A conservative approach to finances
Dallas/Fort Worth residents are also less inclined to take risks. Many Dallas/Fort Worth respondents see the following as risky:
Putting all of their money in the market (55 percent).
Quitting their job without another one lined up (55 percent).
Taking a job without benefits (46 percent).
Not investing in a 401(k) (46 percent).
Perhaps this outlook on risk is driven by fear of a potential recession.
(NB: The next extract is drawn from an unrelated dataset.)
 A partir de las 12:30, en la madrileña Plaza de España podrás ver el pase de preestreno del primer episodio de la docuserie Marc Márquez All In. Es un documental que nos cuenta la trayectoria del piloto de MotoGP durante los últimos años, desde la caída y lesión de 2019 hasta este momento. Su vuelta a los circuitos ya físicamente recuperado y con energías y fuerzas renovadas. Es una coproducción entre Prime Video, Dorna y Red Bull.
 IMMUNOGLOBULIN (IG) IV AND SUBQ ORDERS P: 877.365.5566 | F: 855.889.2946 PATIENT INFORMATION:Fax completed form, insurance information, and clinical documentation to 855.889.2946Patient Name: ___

Seventy percent of Dallas/Fort Worth respondents predict another recession will occur in their lifetime, and about three in 10 believe it will occur in the next five years.
However, Dallas/Fort Worth residents appear to be taking matters into their own hands by making financial sacrifices, including cutting back on going out (41 percent) and skipping vacation for a year (32 percent).
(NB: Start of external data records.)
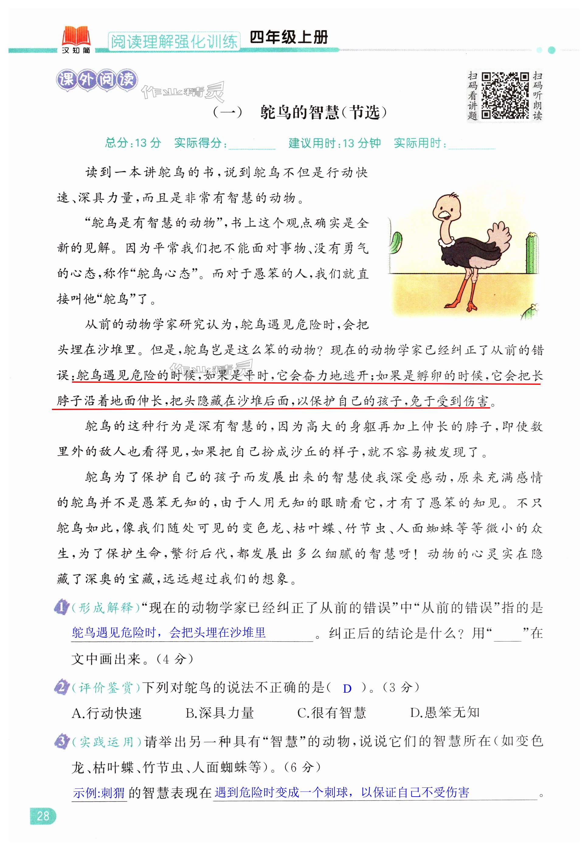 注:目前有些书本章节名称可能整理的还不是很完善,但都是按照顺序排列的,请同学们按照顺序仔细查找。练习册 2024年小学语文同步阅读理解强化训练四年级上册人教版 答案主要是用来给同学们做完题方便对答案用的,请勿直接抄袭。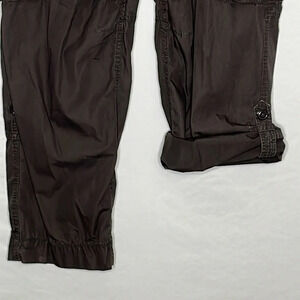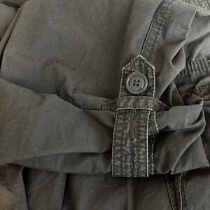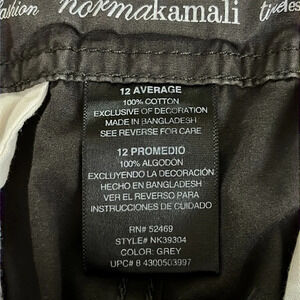 Norma Kamali Convertible Cargo Pants in Grey 100% Cotton Lagenlook - Size 12. Great pre-owned condition. Minor signs of wash wear. Zip fly with button closure, inner drawstring at waist, slant pockets on both sides, zipper pocket on left slant pocket, bit snap flap pockets on both sides and on back rear, roll ups on both hems with buttons to secure, belt loops. Approximate measurements: 19" waist, 10" rise, 31" inseam.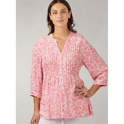 Soft, breathable and effortlessly stylish. This 100% viscose shirt features vibrant colours, pintuck detailing and a relaxed fit with a split neckline and three-quarter sleeves. A perfect pop of colour for any day. 100% Viscose.
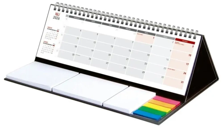Praktyczny kalendarz szkolny na biurko z przejrzystym kalendarium w układzie trzymiesięcznym. Poręczne samoprzylepne karteczki do notowania.

For more in-depth information about the financial behaviors and priorities of mass affluent Dallas/Fort Worth residents and Americans in general, read the entire fall 2017 Merrill Edge Report here.
Merrill Edge Survey Methodology
Convergys (an independent market research company) conducted a nationally representative, panel-sample online survey on behalf of Merrill Edge Sept. 6-24, 2017. The survey consisted of 1,010 mass affluent respondents throughout the U.S. Respondents in the study were defined as aged 18 to 34 (millennials) with investable assets between $50,000 and $250,000 or those aged 18 to 34 who have investable assets between $20,000 and $50,000 with an annual income of at least $50,000; or aged 35-plus with investable assets between $50,000 and $250,000. For this purpose, investable assets consist of the value of all cash, savings, mutual funds, CDs, IRAs, stocks, bonds and all other types of investments excluding primary home and other real estate investments. We conducted an oversampling of 300 mass affluents in the following markets: Southern California, Dallas/Fort Worth, Chicago, Atlanta, and Phoenix. An additional group of 205 Generation Z respondents was surveyed. The margin of error is +/- 3.1 percent for the national sample, about +/- 5.6 percent for the oversample markets, and +/- 6.8 percent for the Gen Z group, all reported at a 95 percent confidence level.